Why did the gay man get raped?
He assed for it.
Like if you like school (I mean if you don't)!
What do u call a Muslim praying: Allahu akbar.
When is a rape victim right?
When she admits she lied.
What do you call a black person having a fit?
A chocolate milkshake.
Rape victims suck, literally.
My wife said if I rape her again, she would leave me. Why didn't anyone tell me it was that easy?
I'm offended.
- Liberals
Say what you want about Hitler, he wasn’t all that bad. After all, he killed Hitler.
What did the blonde say when I told a rape joke?

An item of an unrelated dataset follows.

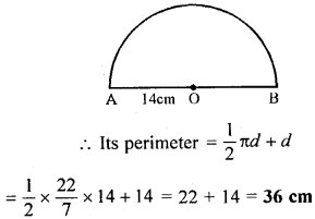 (b) If the diameter of a semicircular protractor is 14cm, then find its perimeter.

"Can you show me what rape is?"
Why did the plane go to KFC?
To lose its wings and crash!
Surprise sex is the best thing to wake up to.
Unless you are in prison.
My sister is so ugly that she had to have a child with me to keep the family tree going.
A Russian wife turned to her husband and asked...

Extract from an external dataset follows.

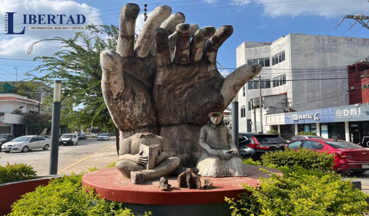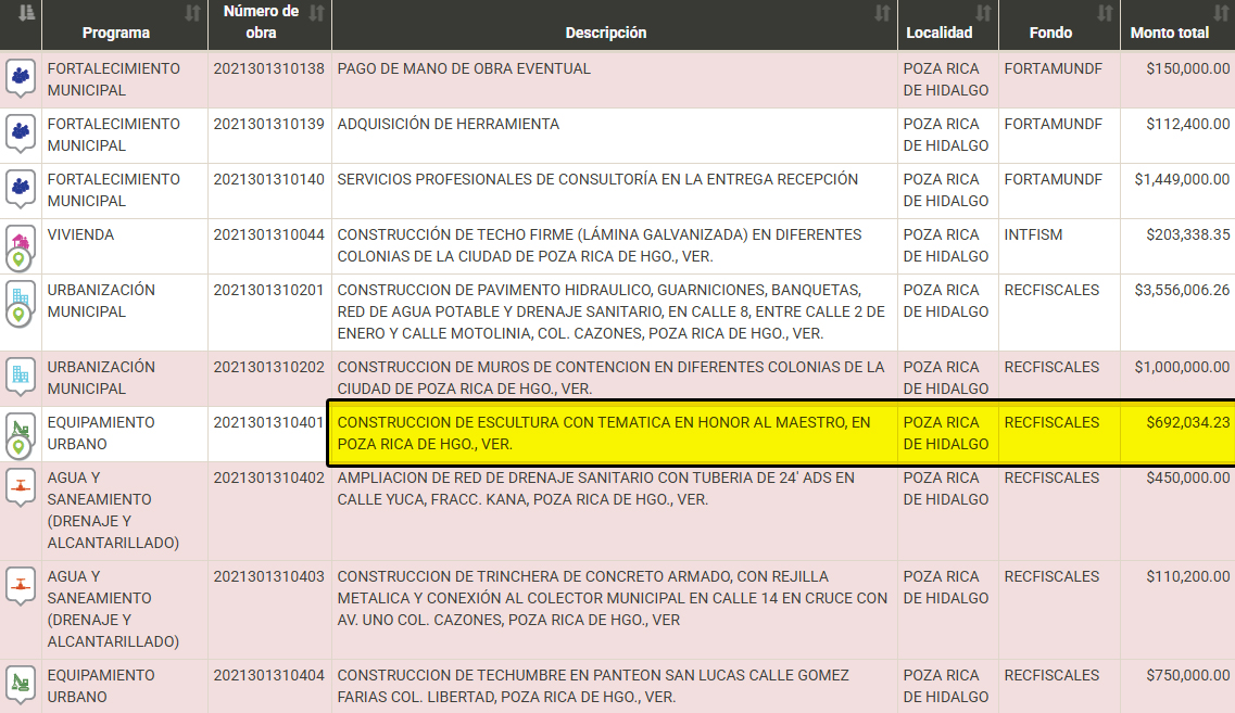 También calificada por muchos como unas manos espeluznantes acechando a dos niños, es descrita en el Sistema de Consulta de Obras y Acciones Municipales de Veracruz del ORFIS como “Construcción de Escultura con Temática en Honor al Maestro” con un monto de $692 mil 34.23 pesos.

"What's this special military operation our glorious leader keeps talking about?"
Her husband replied, "It's a proxy war between Russia and NATO."

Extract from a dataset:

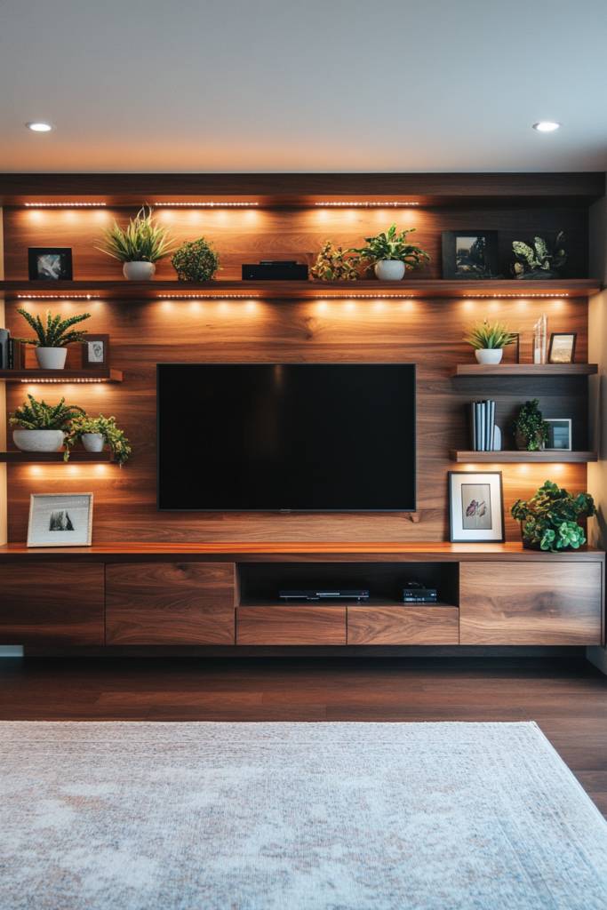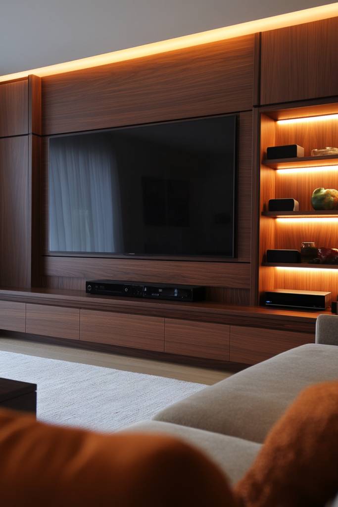 Strategically placed lights can highlight your favorite decor or artwork, transforming a simple wall unit into a stunning focal point. Plus, with options like dimmers, you can easily adjust the ambiance for different occasions. Whether you prefer a sleek, modern look or a cozy, warm atmosphere, integrated LED lighting adds a layer of sophistication and functionality. It’s about blending technology seamlessly into your design while enhancing the emotional impact of your entertainment space.

"Oh, right. How's it going?"
"Well," he replied, "so far we've lost 200,000 soldiers, 4,000 tanks, 500 aircraft, numerous helicopters, loads of armoured vehicles and artillery pieces along with our 'flag ship'."
"Wow! What about NATO?"
"They haven't turned up yet."
So one time I was with my girlfriend, crazy, right? But we were doing a TikTok eye follow challenge, and she pulled up a pic of Gwen Stacy from Into the Spider-Verse, and I looked somewhere I shouldn’t have, and she smacked me, and I changed to the Rock, and you know where she looked? WTF, right in the no-no square, and since she was a girl, all I could do was sit back and watch.
Woman: Doctor, doctor, I've been raped.
Doctor: Sex is good for you!
What did the woman say when I told a rape joke?
"I don't get it."
Your mom's so fat, when she entered a fat contest, they said, "Sorry, no professionals!"
Why can't a citizen in communist China, especially a Chinese male who is between 18-29 years old, buy a box of condoms in a drug store in communist China?
Because the condom would be too big for the penis of Chinese men in communist China.